Turbulent Flow

Ultra-fast and efficient simulation of turbulent flows.

PI: Tim Colonius (Division of Engineering and Applied Sciences)
SASE: Qifan Wang, Scholar

From simulating Earth’s climate dynamics to predicting the collective dynamics of nano-particles, computational models of fluid flow play a key role in science and technology. Recent advances in numerical schemes as well as the ever-increasing computational power are pushing the boundaries of attainable complexity of numerical solvers. At the same time, algorithms must be as efficient as possible in order to enable either the largest-scale computations possible given finite computational resources, which is often the goal in scientific discovery, or to enable faster turnaround time, which is essential if computations are to be useful to engineers as they optimize product designs. In either case, algorithms should not waste computational effort—a single turbulent flow fluid computation can release as much carbon dioxide into the atmosphere as nine passenger-vehicle-years.

The Schmidt Academy for Software Engineering is collaborating with the computational flow physics group to develop ultra-efficient and robust simulators for incompressible, external flows. This class of flows includes external aerodynamics (Fig 1), of critical importance to engineers, and fundamental vortex dynamics (Fig 2) which are building-block flows scientists use to understand the complex, nonlinear turbulence physics.

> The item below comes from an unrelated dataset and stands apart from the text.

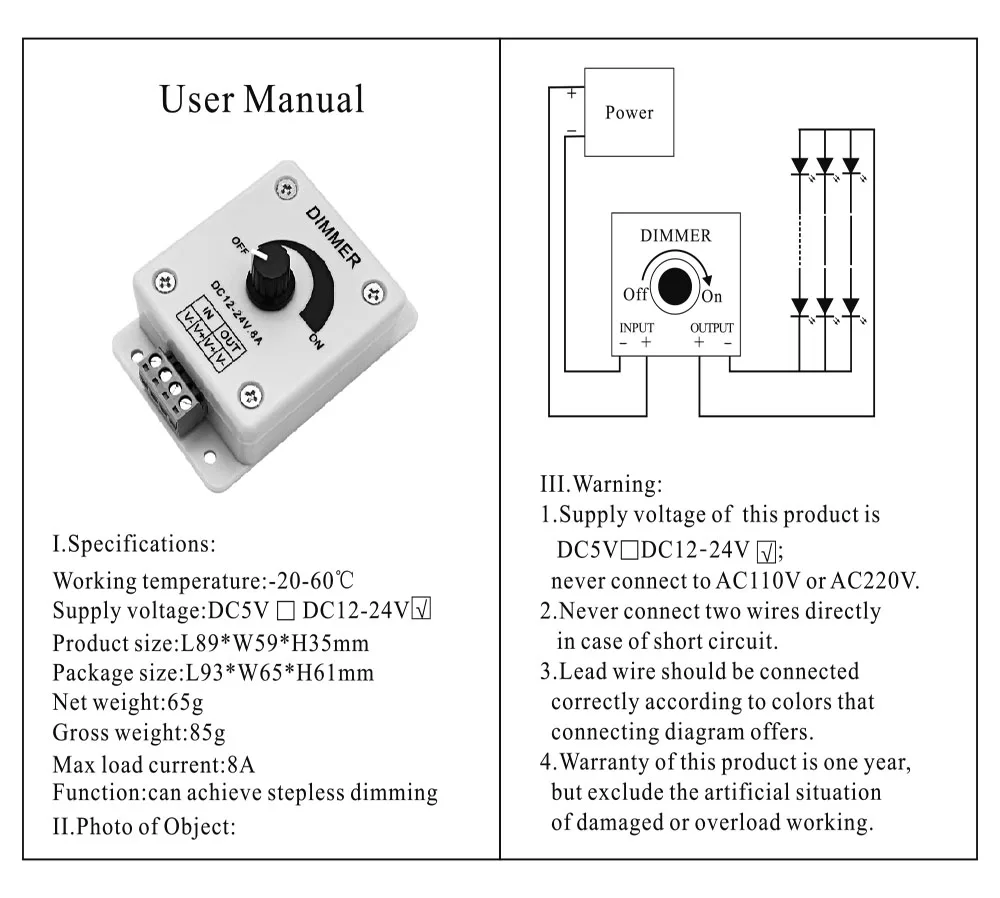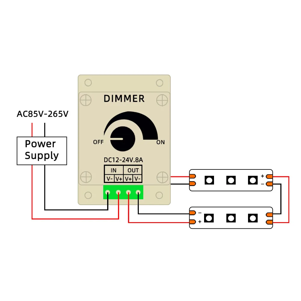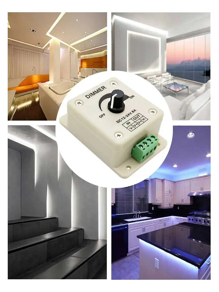 8A Single Color Knob Dimmer 12V 24V LED Rotary Wall LED Dimmer Switch popular in Led Controller Dimmers

The project built on a newly developed algorithm dubbed the fast Lattice Green’s function (FLGF) method, a solution-adaptive approach that deploys grid points over space and at resolutions demanded by the evolving flow to achieve a desired accuracy. The FLGF itself is based on a recursive partitioning of space into small cubes whose solution can be determined using the Fast Fourier Transform (FFT), which can be greatly accelerated by the graphics processing units (GPUs).

As part of the Schmidt Academy, we ported the code to GPU-type architectures and deployed documentation (sphinx-generated) and a system of continuous testing with some testing for the FLGF software. In addition, we developed a Python-GPU version of the quadrature-based moment methods which was originally implemented in MatLab. This software is called QBMMLib.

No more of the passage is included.